Canada’s impulse spending problem

21 Sept 2018

Shopping in the digital age means we now have more places to shop than ever before. However, with this greater amount of choice brings the possibility of spending more than we initially intended – or can afford.

In June 2018, Finder Canada conducted a study of 2,000 Canadian adults with global research provider OnePoll to learn more about Canada’s shopping habits. According to the Finder Canada survey, 63% of Canadians have succumbed to impulsively shopping in the last year, with each person spending around $73.81 on average. That equates to a whopping $8.8 billion spend.

Key Statistics

How much do we impulse spend?

The biggest proportion of impulse shoppers (23%) spends $30 on average per purchase. This is followed by an average spend of $50, with 18% of shoppers spending this amount. When it comes to bigger purchases of $500 or more, only 1.4% of shoppers spend this amount when they impulsively shop.

In terms of generation, baby boomers spent the least, with an average spend of just $63.86. Despite constant flack for overspending on brunches and avocado toast, millennials were surprisingly not the worst culprits overall, with an average spend of $77.02. The biggest impulse spenders come from Gen X, with a slightly higher average spend of $80.07.

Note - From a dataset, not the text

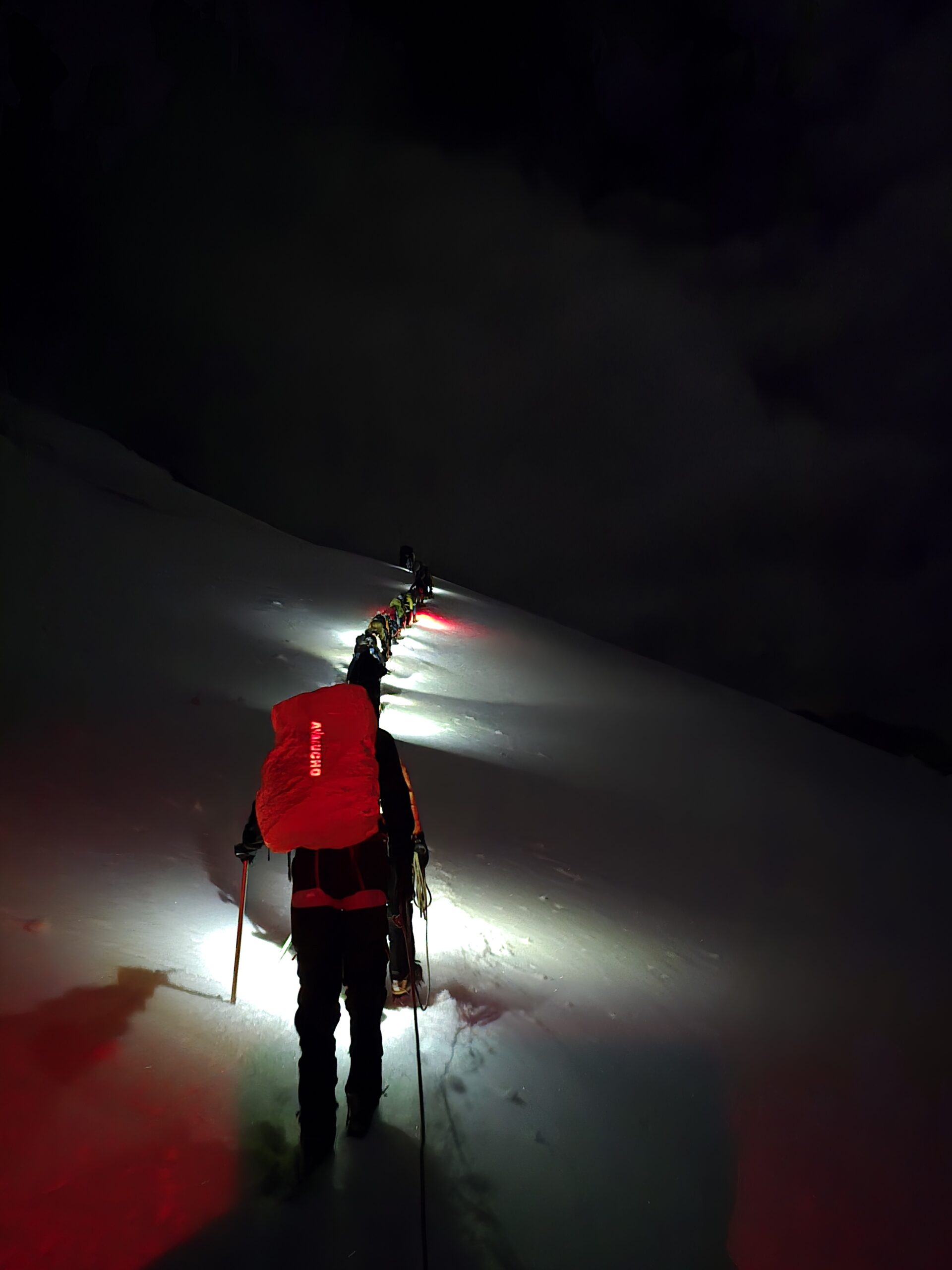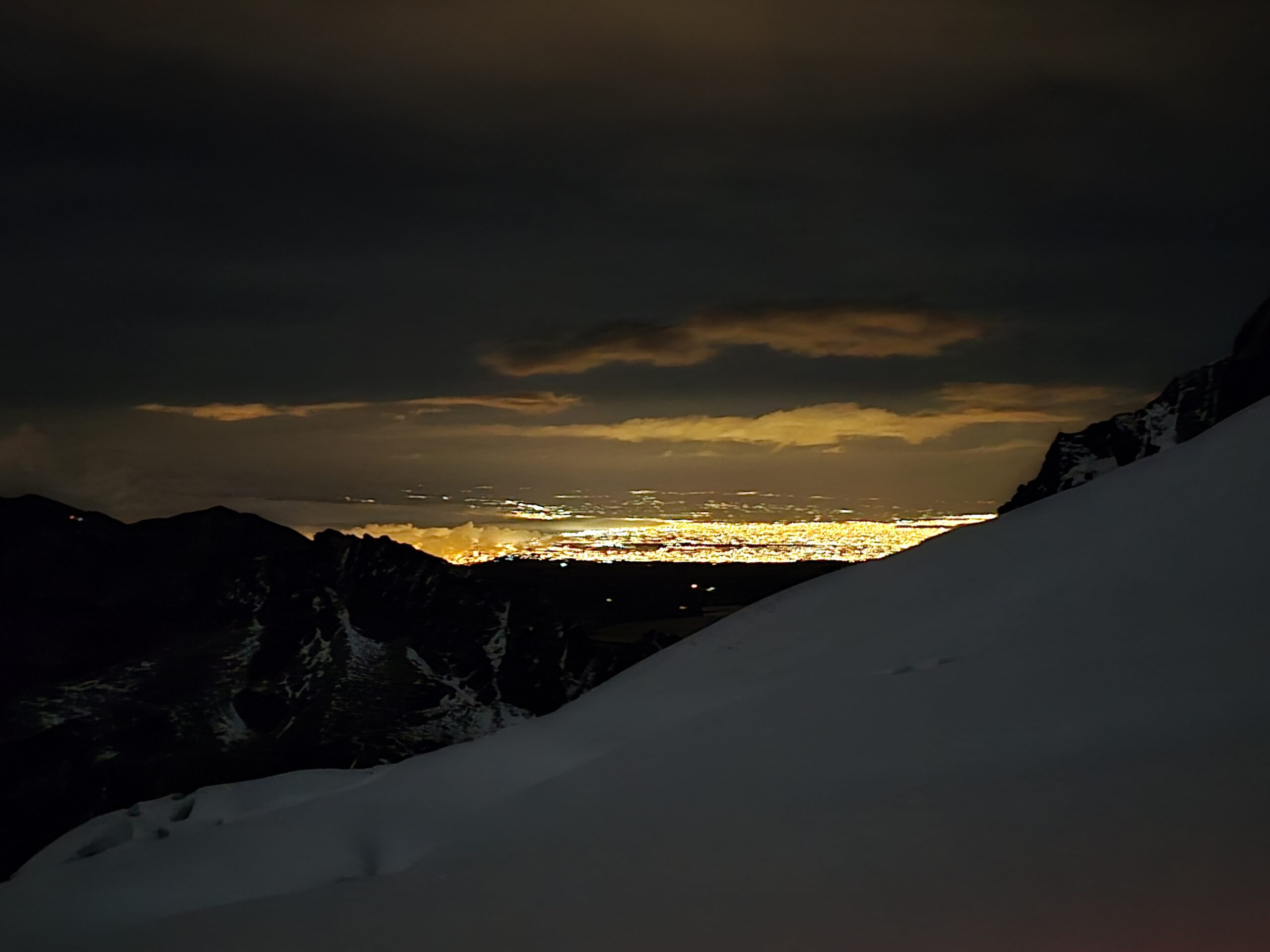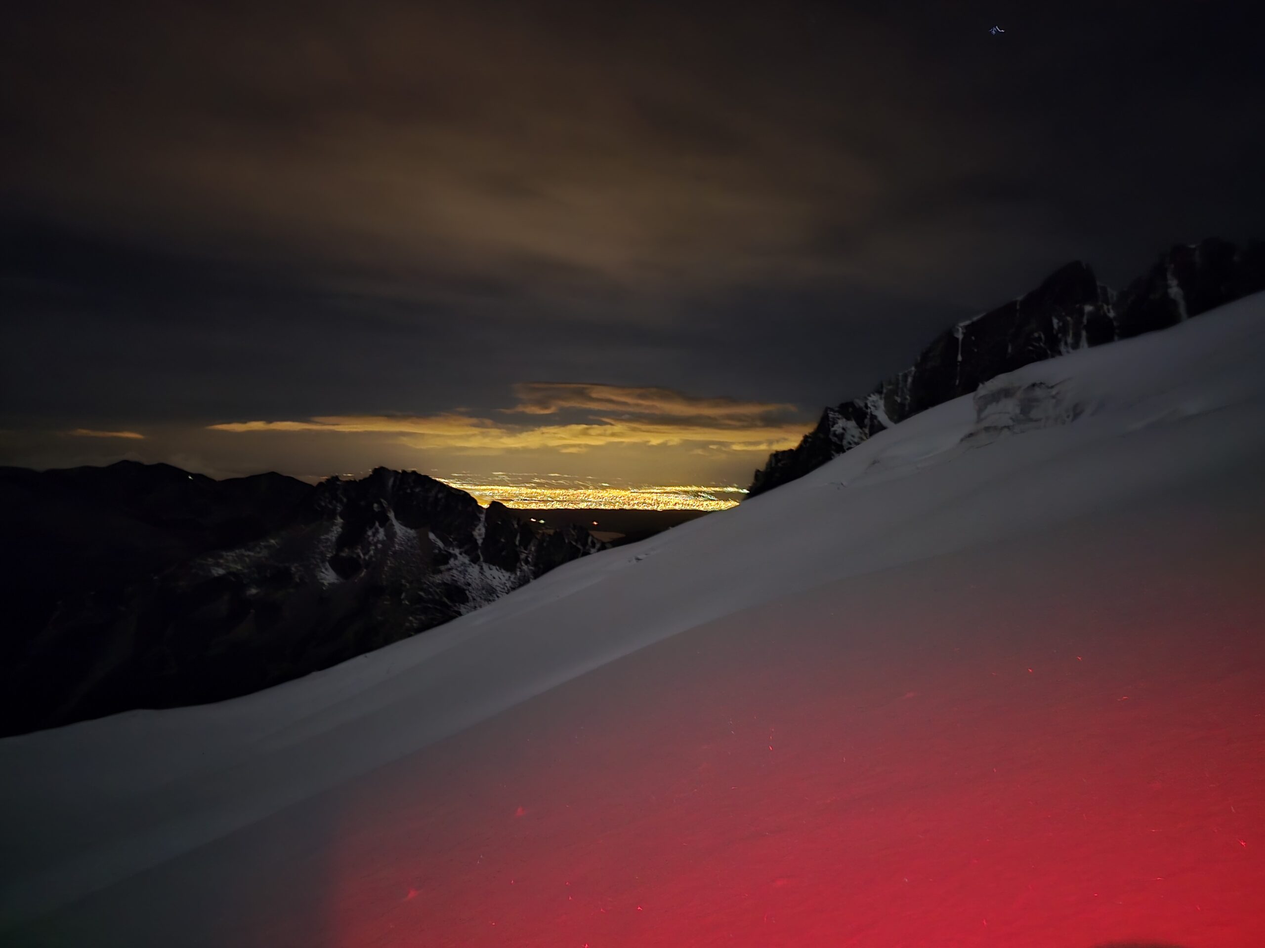 Danach ging es dann direkt los. 800m Aufstieg in etwas unter 3km und das mitten in der Nacht, damit man zum Sonnenaufgang oben ist. Ich hatte mir einen Ohrstöpsel reingemacht und war die ganze Zeit am Hardstyle pumpen. Normalerweise höre ich beim Wandern ja keine Musik, aber hier hatte man nur das Knacken des Schnees unter den Schuhen und ich brauchte etwas Motivation. Bei der ersten Pause kam dann schon die erste Überraschung, eine aus der Gruppe hat es nicht gepackt und musste umdrehen. Aus unserer Zweiergruppe wurde ab hier also eine Dreiergruppe.

Average amount spent by Generation

How often do we impulse spend?

The majority of impulse shoppers only make spontaneous purchases 1-3 times per year (43%). However, some people have a more serious problem, with 1% of shoppers admitting to impulsive spending at least once per week. On average, Canadians are impulsive shopping six times per year – that’s around once every two months (which is more frequent than the change of seasons!).

Interestingly, Canadians in some areas of the country are more likely to impulsively spend than others. The Prairie Provinces are home to the most impulsive shoppers, with people from this region impulsively shopping just over seven times per year. Canadians from the West Coast are the most conservative shoppers, with people from this side of the country only falling prey to impulsive shopping five times per year.


It might not come as a surprise that women are more likely to impulsively shop than men, with 69% of women and just 56% of men shopping on impulse – a difference of 13%.

However, while men are less likely to impulsively shop, when they do splash out, they spend more. The Finder Canada study found that men tend to spend more than women, with an average spend of $80.46 compared to women’s slight spend of $69.27 – a difference of around $11.

Impulsive shopping statistics by Gender

How does Canada’s impulse shopping compare to the US?

In the US, a whopping 89% of American adults have succumbed to impulsive online shopping, with each person spending on average $105.55 (US$81.75) per session. That equates to a whopping $23.09 billion (US$17.78 billion) dollar spend – over $10 billion more than Canadian’s impulsive shopping spend.

For more information on America’s impulsive spending problem, check out these statistics on how much they’re spending (and the experience of regret that follows!).

How can we stop our impulse shopping habit?

With the change of seasons in full swing, summer collections are going on sale, and the new Fall coats are going on display. For those feeling more tempted than usual to impulsively shop, there is a saving grace.

Icebox is an innovative and easy to use tool that can help curb the urge to shop. Developed and released by, the free Google chrome plug-in works by placing the items in your digital shopping basket on freeze, giving you time to mull over your purchases before you hand over your hard earned money. Beat impulse shopping by installing Icebox today!


This data is from a survey of 2,000 Canadian adults commissioned by and conducted by OnePoll in June 2018. Due to not having enough respondents, the North region (Nunavut, Northwest Territories, Yukon Territory) was not included.